● WORK INSTRUCTION
Copy exactly the lines of the material below that fall between the line with "Мы сравнили время" and the line with "Un video captado", both of those lines included; pictures stay out.
━━━━━ SUPPLIED DATA ━━━━━
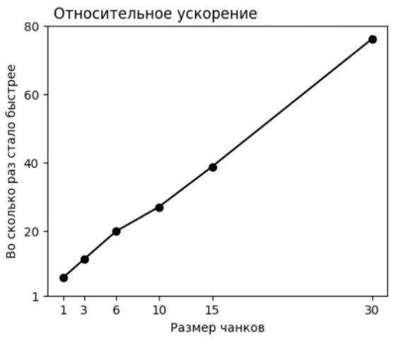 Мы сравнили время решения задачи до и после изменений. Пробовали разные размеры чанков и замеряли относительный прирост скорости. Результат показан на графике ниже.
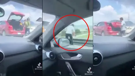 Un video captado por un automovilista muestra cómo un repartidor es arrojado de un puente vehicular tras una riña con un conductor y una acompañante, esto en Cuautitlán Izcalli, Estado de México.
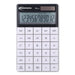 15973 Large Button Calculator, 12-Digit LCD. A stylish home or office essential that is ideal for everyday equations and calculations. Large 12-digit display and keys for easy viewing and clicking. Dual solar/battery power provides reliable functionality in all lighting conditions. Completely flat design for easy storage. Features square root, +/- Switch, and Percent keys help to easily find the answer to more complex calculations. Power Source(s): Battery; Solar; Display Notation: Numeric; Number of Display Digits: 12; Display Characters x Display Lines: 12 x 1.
━━━━━
━━━━━ SUPPLIED DATA ━━━━━
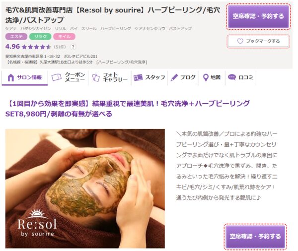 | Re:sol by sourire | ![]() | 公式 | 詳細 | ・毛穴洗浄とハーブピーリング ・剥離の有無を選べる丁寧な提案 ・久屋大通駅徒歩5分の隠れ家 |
━━━━━
━━━━━ SUPPLIED DATA ━━━━━
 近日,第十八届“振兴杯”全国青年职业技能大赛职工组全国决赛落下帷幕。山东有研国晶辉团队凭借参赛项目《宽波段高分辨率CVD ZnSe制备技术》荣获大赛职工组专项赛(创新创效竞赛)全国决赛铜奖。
━━━━━
● WRITTEN RESPONSE
 Мы сравнили время решения задачи до и после изменений. Пробовали разные размеры чанков и замеряли относительный прирост скорости. Результат показан на графике ниже.
 Un video captado por un automovilista muestra cómo un repartidor es arrojado de un puente vehicular tras una riña con un conductor y una acompañante, esto en Cuautitlán Izcalli, Estado de México.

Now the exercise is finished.